Goals of the program include developing writing and communication skills, building self-esteem through awareness of personal skills and sharing those skills with others, promoting awareness of community service, creating bonds between generations, and sharing a common interest in and developing social skills with children of the same age.
Luncheon meetings are held in Hill View's basement where the parents' organization has created the Harmony's Nest, a place where student council, clubs, and other student organizations can get together.
Letters are "mailed" in cardboard boxes. Mrs. Brenner reads through the letters before delivering them; return mail is reviewed for content for safety reasons. Pen pals are on a first-name basis, although that can be amended to include the initial of the pen pal's last name. Jim P., for example, was one of the pen pals last week who gladly accepted another dish of ice cream.
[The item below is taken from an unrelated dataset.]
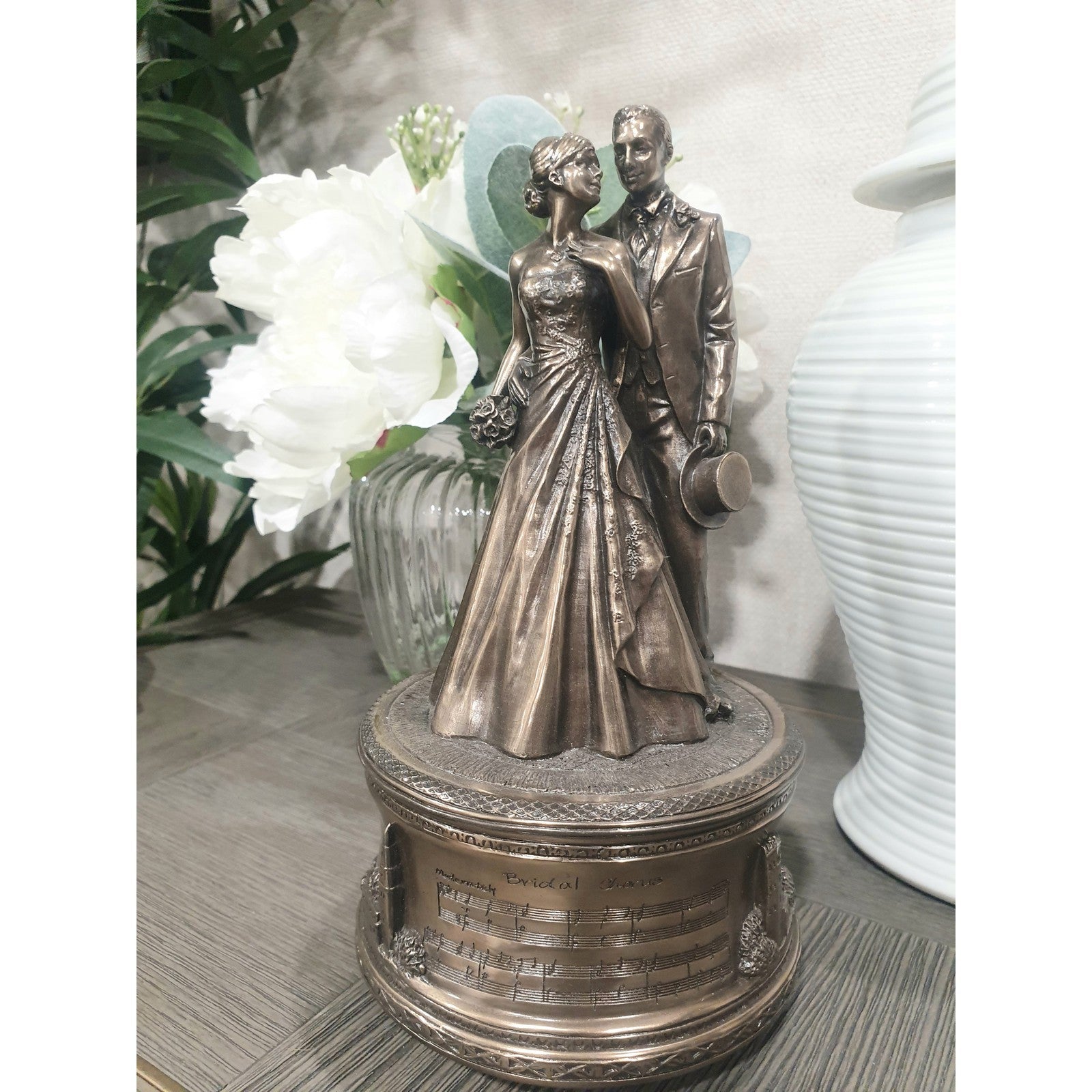 - This music box rotates to the tune 'Here comes the bride'

Cody, the third-grader who offered seconds, asked Jim P. - P for Paxton - what he wanted on top of the cold treat. "I'll have everything," he said, joking with the students that he's not watching his weight.
And then he asked, "Is that fattening?" when Cody handed him a sundae loaded with toppings.
Mr. Paxton and other residents of Harborside Healthcare of Sylvania, just a couple blocks from Hill View, have been pen pals with the students. Harborside staff members are pen pals, too.
Mr. Paxton said his pen pal, Feross Ballut, 9, matched up with how he pictured the student - "nice, neat, and quiet."
"You don't yell or scream, do you?" he teased as he talked with Feross, who replied, "Only at recess."
Mr. Paxton described the pen pal club as "clever. I think it's a good idea."
Ice cream was donated by Cindy and Ben Rowe, who operate the Dairy Queen at Alexis and Tremainsville roads, Mrs. Brenner said.
Their son Ben, Jr., is a first grader at Hill View.
Katie Montgomery, 9, and Ann Desser, a resident of Harborside, were pleased to meet each other. "I've been writing to her since the beginning of the school year," Katie said.
Ms. Desser has shared information with Katie about what fun things she likes to do, such as watch TV, read books, paint, and play bingo.
Harborside residents gave their pen pals handmade collages, and the Hill View pen pals gave the residents photographs.
"She gave me her picture which is very nice," Ms. Desser said.
Katlyn Johns, 9, visited with her pen pal, Katie Mills, activities assistant at Harborside.
"I think it's nice to see the pen pals and not just write cards to them. It's nice to get to talk to each other," said Katlyn, who said she and Ms. Mills discovered that both like Mexican food and their favorite snack is the same: bananas and peanut butter.
Cody, who is pen pals with Sandy S., said the pen pal program is so successful because it "is good inspiration for letter writing."
He added: "It's a very good way to make friends."